PROBLEM STATEMENT
The required output is the exact run of lines in the listing below from the line holding "APPLICATION FOR POLICYFyqs" through the line holding "Caffeine Ceramic Handmade", with no pictures.

WORKING DATA
● ● ● ● ●
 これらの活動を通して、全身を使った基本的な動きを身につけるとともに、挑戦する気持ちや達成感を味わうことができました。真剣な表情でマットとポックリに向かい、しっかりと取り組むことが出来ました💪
● ● ● ● ●
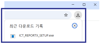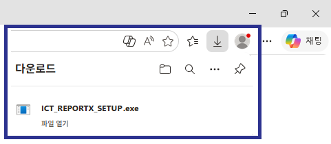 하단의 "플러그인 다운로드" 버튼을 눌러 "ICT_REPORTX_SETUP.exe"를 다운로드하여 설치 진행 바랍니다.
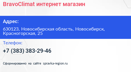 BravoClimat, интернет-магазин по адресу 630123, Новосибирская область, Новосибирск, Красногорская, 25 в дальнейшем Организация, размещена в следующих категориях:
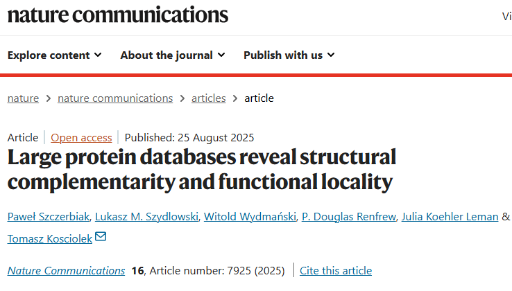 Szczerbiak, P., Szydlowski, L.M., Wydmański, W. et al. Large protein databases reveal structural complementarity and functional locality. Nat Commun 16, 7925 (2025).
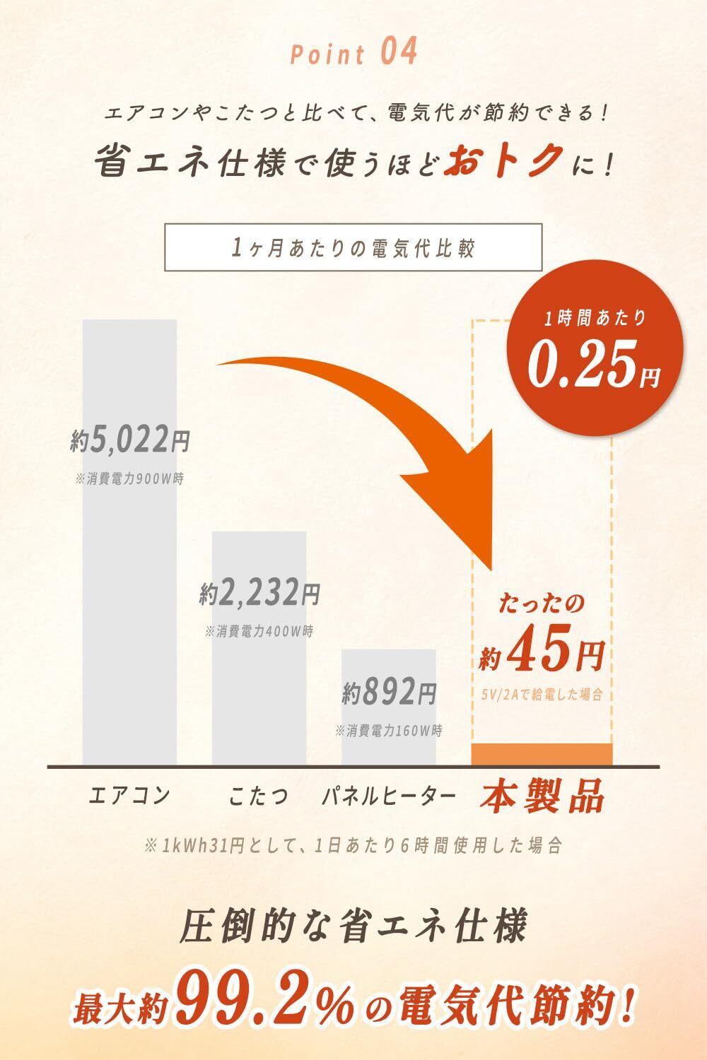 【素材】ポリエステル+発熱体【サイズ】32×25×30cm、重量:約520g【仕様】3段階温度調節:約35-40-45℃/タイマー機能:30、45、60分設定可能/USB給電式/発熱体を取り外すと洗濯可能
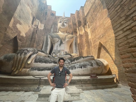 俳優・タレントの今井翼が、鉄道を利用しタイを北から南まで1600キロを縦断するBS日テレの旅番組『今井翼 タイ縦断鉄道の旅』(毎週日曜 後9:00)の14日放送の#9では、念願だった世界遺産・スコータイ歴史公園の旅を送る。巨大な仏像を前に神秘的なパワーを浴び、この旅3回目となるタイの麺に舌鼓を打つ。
● ● ● ● ●
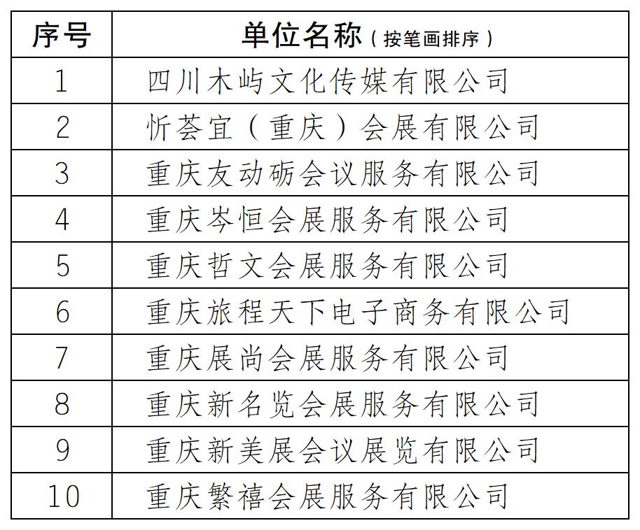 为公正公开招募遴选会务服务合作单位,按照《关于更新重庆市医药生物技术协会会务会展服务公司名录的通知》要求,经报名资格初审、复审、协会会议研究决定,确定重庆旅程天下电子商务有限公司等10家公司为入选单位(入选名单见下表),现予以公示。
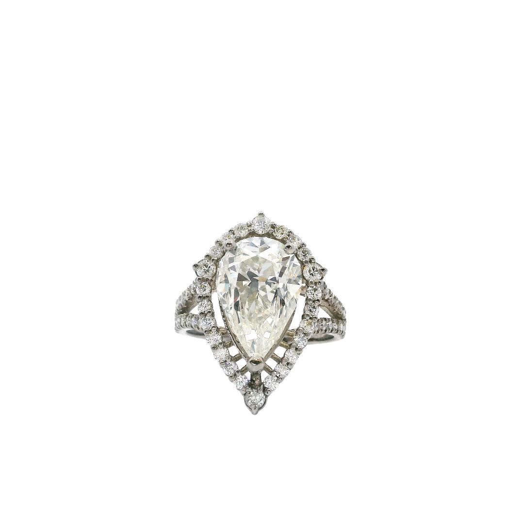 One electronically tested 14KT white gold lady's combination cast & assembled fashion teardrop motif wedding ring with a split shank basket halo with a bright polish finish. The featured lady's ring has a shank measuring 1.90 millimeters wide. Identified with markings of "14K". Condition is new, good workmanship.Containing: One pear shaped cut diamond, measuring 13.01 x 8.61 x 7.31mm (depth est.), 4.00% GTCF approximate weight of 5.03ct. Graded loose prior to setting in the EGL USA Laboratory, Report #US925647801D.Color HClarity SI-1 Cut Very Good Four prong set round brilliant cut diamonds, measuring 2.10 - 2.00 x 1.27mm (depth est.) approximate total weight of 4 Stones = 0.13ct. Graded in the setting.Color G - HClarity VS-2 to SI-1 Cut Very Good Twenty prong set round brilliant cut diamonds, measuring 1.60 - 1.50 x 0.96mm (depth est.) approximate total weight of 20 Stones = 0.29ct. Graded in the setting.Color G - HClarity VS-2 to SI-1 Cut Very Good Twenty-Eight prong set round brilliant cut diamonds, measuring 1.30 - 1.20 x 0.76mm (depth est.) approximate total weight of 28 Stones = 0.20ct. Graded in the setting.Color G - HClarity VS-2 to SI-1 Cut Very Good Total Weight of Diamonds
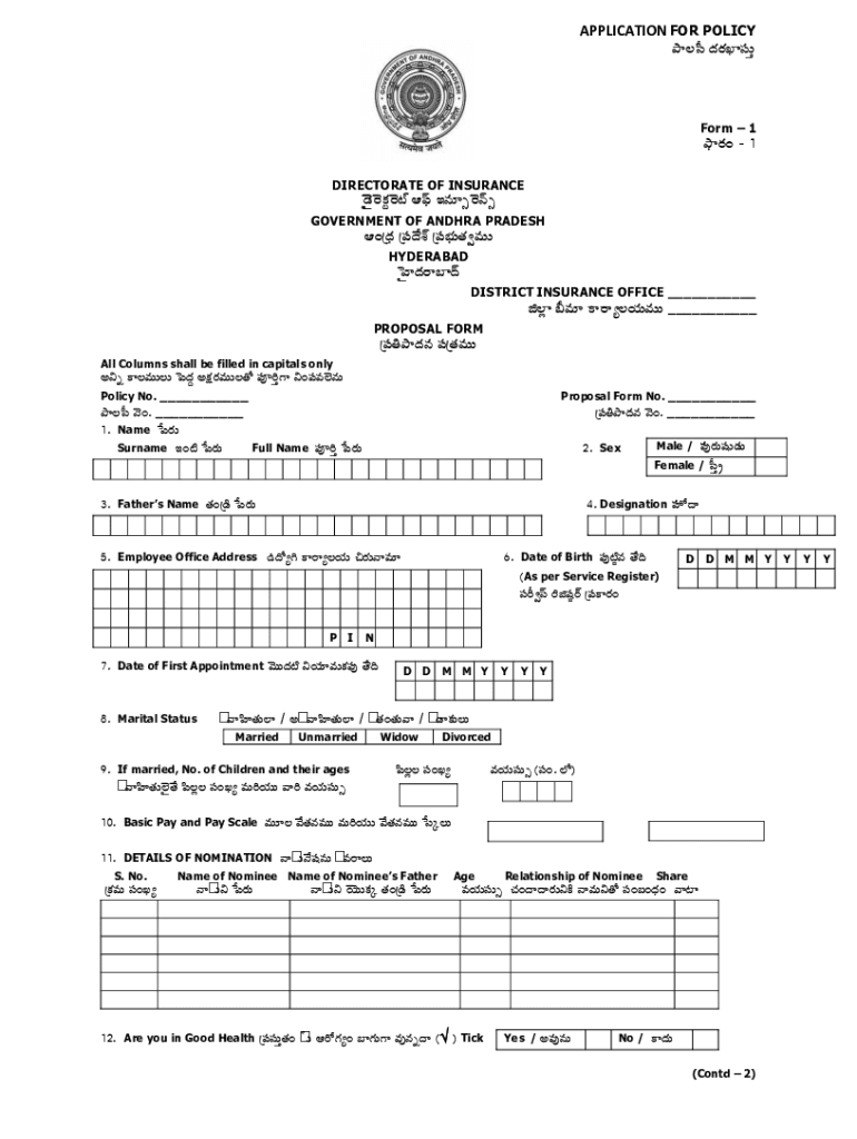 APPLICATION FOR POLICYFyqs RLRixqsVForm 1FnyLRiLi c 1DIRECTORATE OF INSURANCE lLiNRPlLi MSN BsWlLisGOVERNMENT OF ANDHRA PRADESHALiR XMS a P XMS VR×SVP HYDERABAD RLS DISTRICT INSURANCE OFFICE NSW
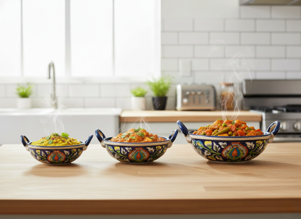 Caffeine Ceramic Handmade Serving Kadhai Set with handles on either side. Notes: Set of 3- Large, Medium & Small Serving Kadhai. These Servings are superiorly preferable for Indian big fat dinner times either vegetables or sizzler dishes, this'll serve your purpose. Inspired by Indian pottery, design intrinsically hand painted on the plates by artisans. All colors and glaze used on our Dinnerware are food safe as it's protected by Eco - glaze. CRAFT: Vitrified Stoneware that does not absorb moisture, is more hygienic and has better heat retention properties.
● ● ● ● ●
EXERCISE RESPONSE
 APPLICATION FOR POLICYFyqs RLRixqsVForm 1FnyLRiLi c 1DIRECTORATE OF INSURANCE lLiNRPlLi MSN BsWlLisGOVERNMENT OF ANDHRA PRADESHALiR XMS a P XMS VR×SVP HYDERABAD RLS DISTRICT INSURANCE OFFICE NSW
 Caffeine Ceramic Handmade Serving Kadhai Set with handles on either side. Notes: Set of 3- Large, Medium & Small Serving Kadhai. These Servings are superiorly preferable for Indian big fat dinner times either vegetables or sizzler dishes, this'll serve your purpose. Inspired by Indian pottery, design intrinsically hand painted on the plates by artisans. All colors and glaze used on our Dinnerware are food safe as it's protected by Eco - glaze. CRAFT: Vitrified Stoneware that does not absorb moisture, is more hygienic and has better heat retention properties.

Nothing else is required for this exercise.